Green fallow or grass cultivation is suggested to be a better solutions for GHG mitigation than for example afforestation, which has additional impacts on biodiversity and landscape. But in any case, restricting cultivation has socio-economic impacts which would probably become unevenly distributed. According to Lehtonen, Peltonen and Sinkkonen (2006), restricting crop cultivation on peatlands in Finland, allowing only perennial crops, would have the strongest impact on Lapland, where 40 % of the peatland under cultivation are located.
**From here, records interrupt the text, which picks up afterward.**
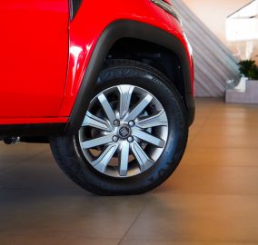O conjunto de suspensão utiliza sistema independente McPherson na dianteira e eixo rígido na traseira, com molas helicoidais na dianteira e mola parabólica de lâmina única na traseira, solução tradicional em picapes que favorece resistência e capacidade de carga. O sistema de freios conta com discos ventilados na dianteira e tambores na traseira, enquanto a direção possui assistência elétrica, contribuindo para facilidade de manobras.
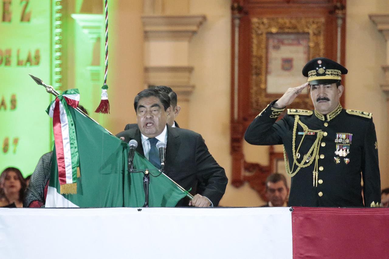 Casi en punto de las 11:00 pm y después del grito del presidente de la República, Andrés Manuel López Obrador, el gobernador Luis Miguel Barbosa Huerta siguió con la arenga:
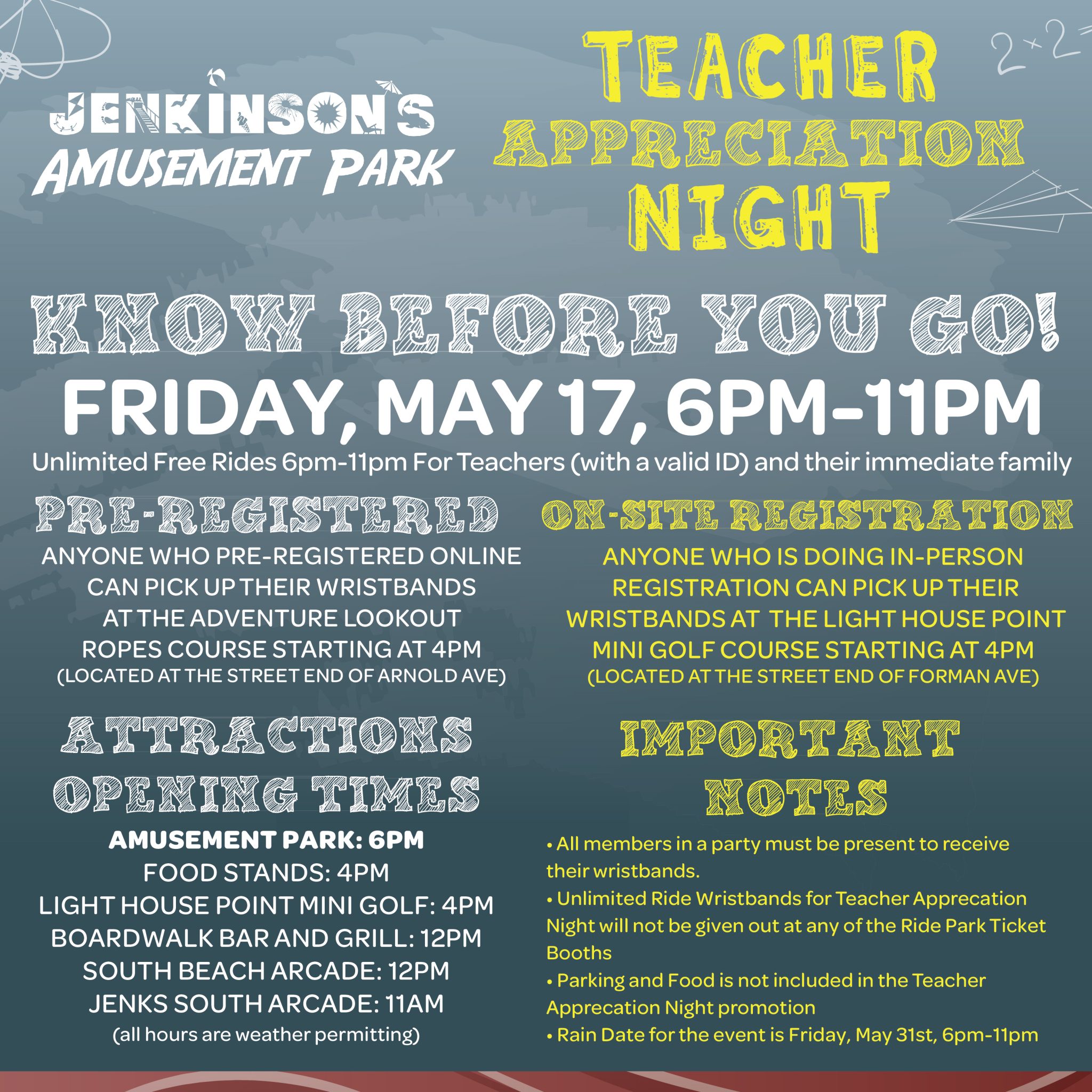 Jenkinson’s Boardwalk is honoring you with our annual Teacher Appreciation Night at the Jenkinson’s Amusement Park. On Friday, May 17th from 6pm-11pm, Teachers (with a valid ID) and their immediate family can enjoy unlimited free rides and ropes course admission!
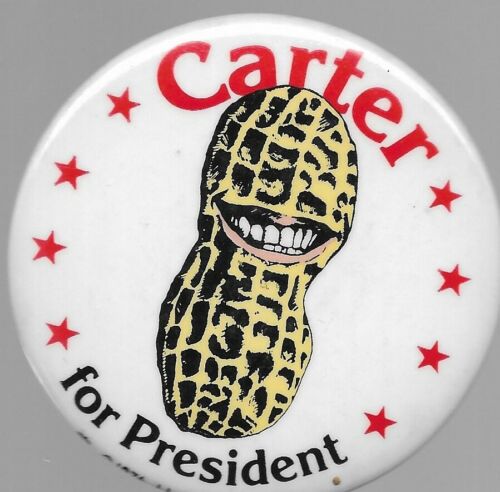 Title (ebay affiliate link): JIMMY CARTER FOR PRESIDENT, SMILING PEANUT 1976 POLITICAL CAMPAIGN PIN
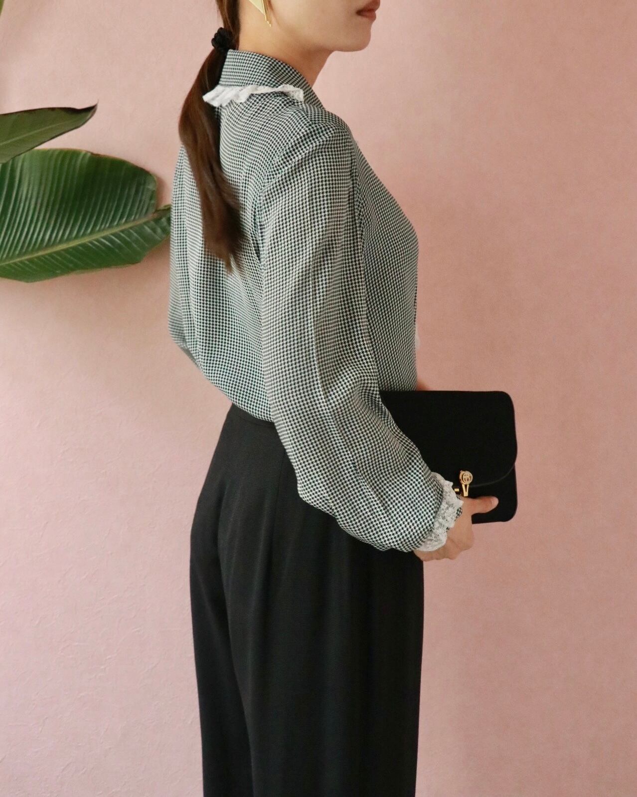 一見ドーリーなレースのディテールですが合わせるボトムスで印象がだいぶ変わる一着。
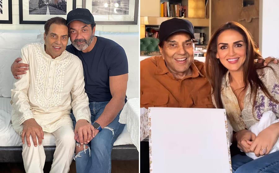 Bobby Deol and Esha Deol also dropped photos with their father Dharmendra on the special occasion.
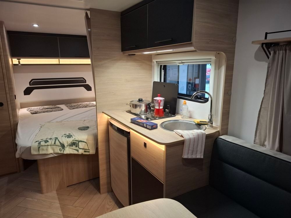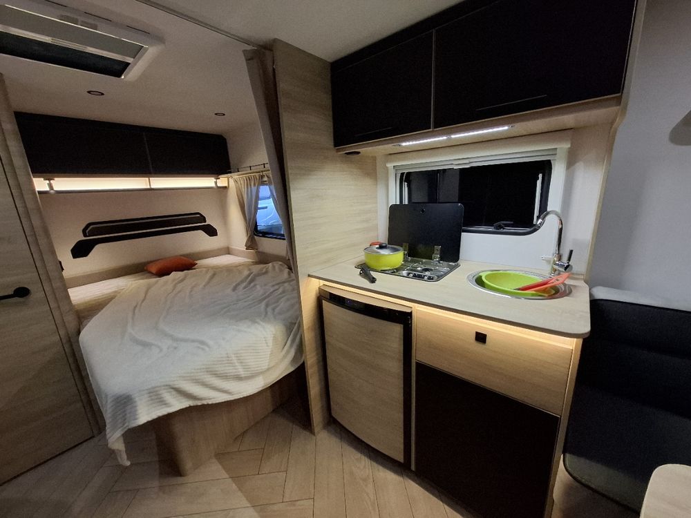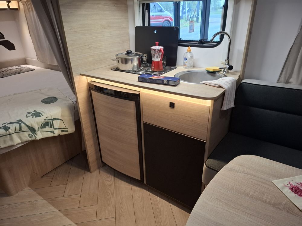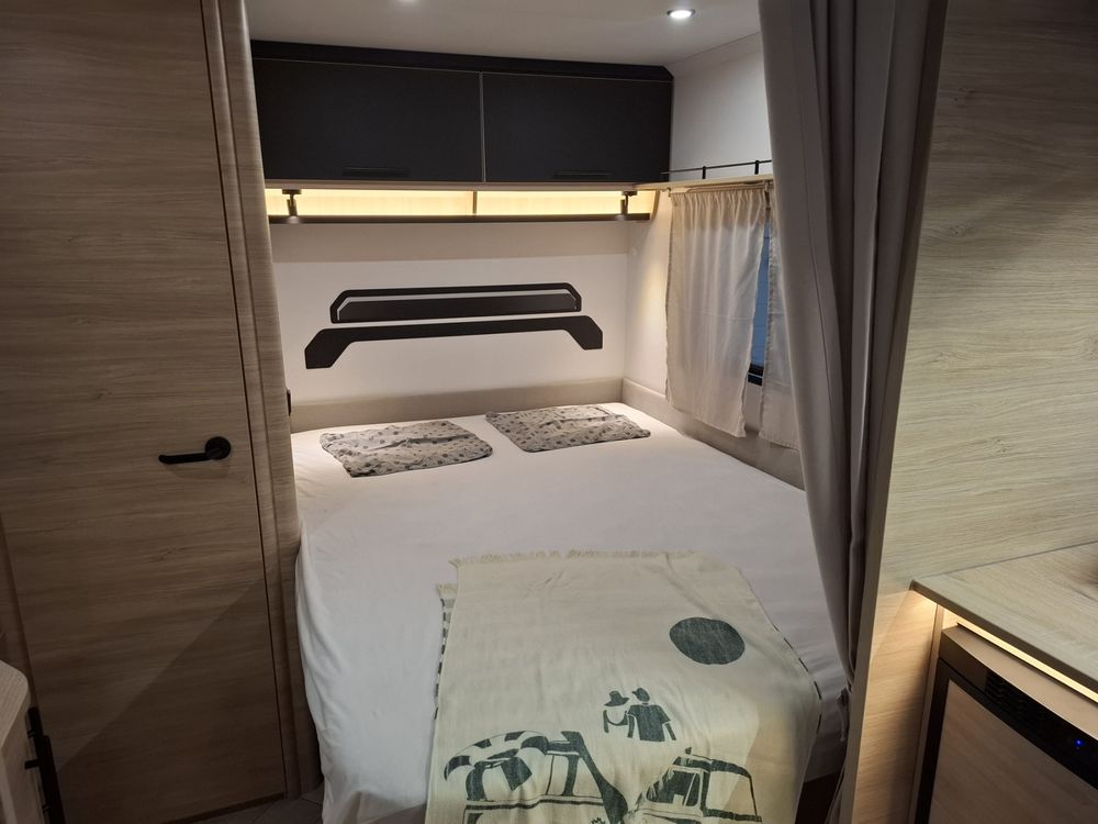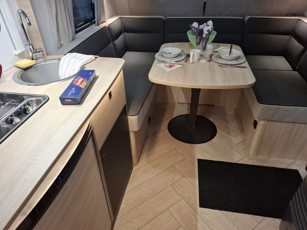 Caravane au design résolument dynamique, présentant un espace de vie très confortable dans des dimensions compactes : grand salon en U, Lit à la Française, équipement douche. Elle sera mise à disposition avec au choix, un auvent classique, un store de paroi noir posé ou un auvent gonflable (voir conditions en bas d'annonce).
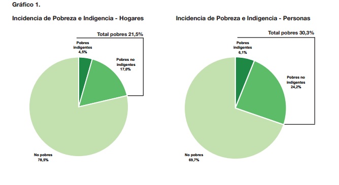 Casi un tercio de los argentinos son pobres y, de esa porción, el 6,1% es indigente. La pobreza alcanza a 21,5% de los hogares y la indigencia al 4,5%.
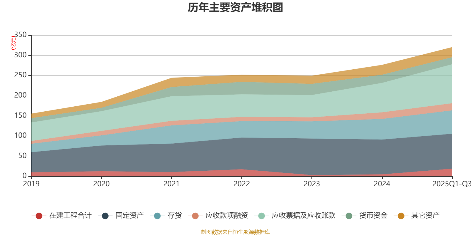 资产重大变化方面,截至2025年三季度末,公司固定资产较上年末增加0.36%,占公司总资产比重下降4.19个百分点;在建工程合计较上年末增加298.63%,占公司总资产比重上升4.14个百分点;应收票据及应收账款较上年末增加32.18%,占公司总资产比重上升3.71个百分点;货币资金较上年末减少12.91%,占公司总资产比重下降1.81个百分点。
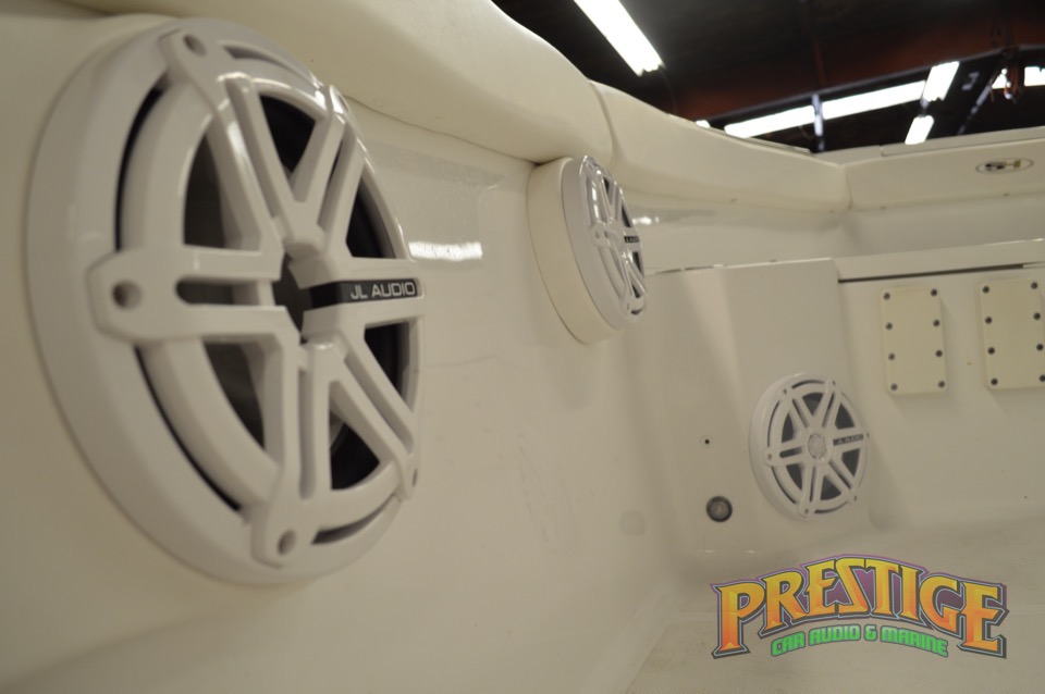 Electrical systems can be overloaded by high-power marine audio systems. This includes the secondary batteries. Prestige Car Audio & Marine understands the charging systems and battery requirements on a boat, and we will never build you a system that will leave you stranded. We look at each and every boat independently, and will design and implement a new system accordingly.
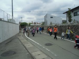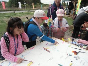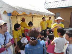 午前中のプログラムは少しづつ復興が進み始めた益城町を多世代で一緒に歩きながら、5年後10年後の益城町の姿を思い浮かべ未来に花が咲くようフットパスを実施しました。総勢72名で4歳から80歳までの方がご参加いただきました。
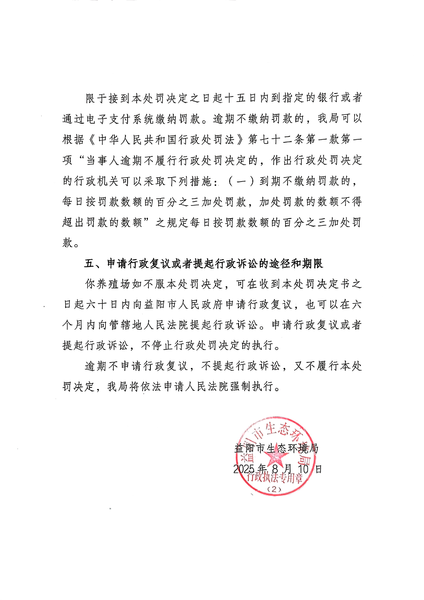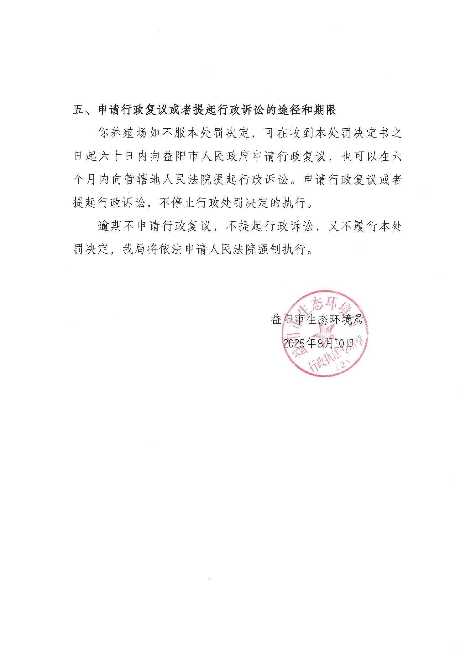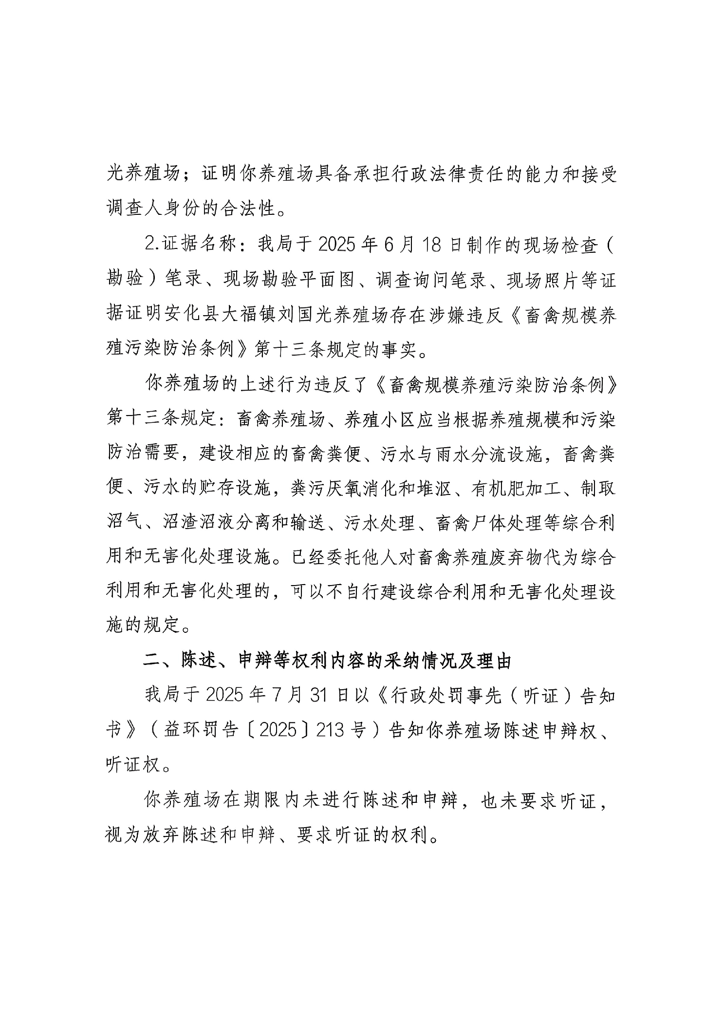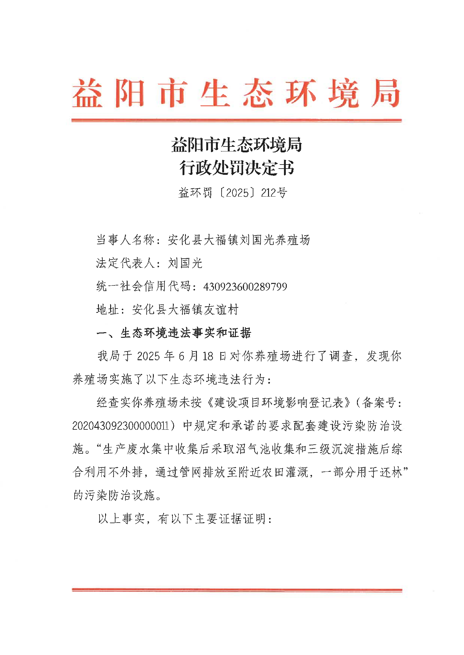 行政处罚决定书 益环罚字【2025】212号 安化县大福镇刘国光养殖场
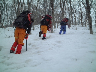 食後荷物をまとめ、ザックは4人で二つ。必要なものだけ持ち、残りは雪洞の中に残して山頂へと出発した。今回初めてアイゼンを着け、トップは斉木奥さん。雪質はまだ締まっていたので歩きやすく大きな雪庇では無かったが、慎重に歩を進めていった。ウサギの足跡がしっかり続いており、私達はなおもその内側を歩いていった。
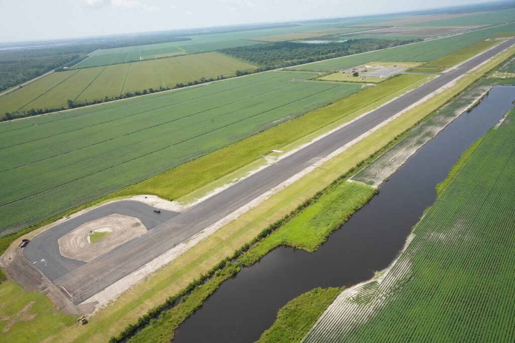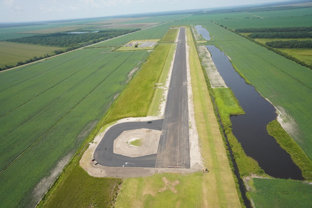 Because of the airport’s significance to the area and its many years of usage, it was in need of some upgrades. Funding became available and Barnhill was selected in July 2023 to complete this work. Construction began in August 2023. The scope of work included turnarounds at each end of the runway as well as a longer runway to allow for larger aircraft and increased safety standards. A PAPI (Precision Approach Path Indicator) lighting system was also incorporated. This is a visual aid to help pilots maintain the correct approach angle during landing and is especially useful at smaller airports where advanced navigation systems may be less common.

Nevertheless, climate policy directed on peatlands would reallocate crop and grass production to more productive soils and would affect agricultural income in Northern Finland only slightly. There is also a possibility that agricultural income would eventually increase compared with the base line. In addition another, environmental and economic benefits would create as a consequence. (Lehtonen et al. 2006.)
5 Comparison of farmland use options
In this chapter we compare the results in order to determine the socially optimal land allocation and production intensities. Later also optimal policies to obtain the socially optimal solutions are discussed. For crop cultivation we examine four different policy scenarios in terms of the environmental impacts. The policy schemes take into account either only carbon dioxide emissions or all CO2-eq. emissions including nitrous oxide and
methane emissions. Further these are treated with and without nutrient runoff. This is because the presumption is, that the policy should be directed so that all externalities are taken into account in order to obtain the maximum social welfare, but in reality this is not always possible to attain. Thus we view the solution in which the policy is considered to take into account all externalities and when it is not. Furthermore, we define the policy related social welfare and complement it by a welfare measure.
Although the main objective of the study is to analyse the social welfare, we do also view the privately optimal solution to compare the difference between input uses and land allocation in the privately and socially optimal solution and to derive the optimal policies.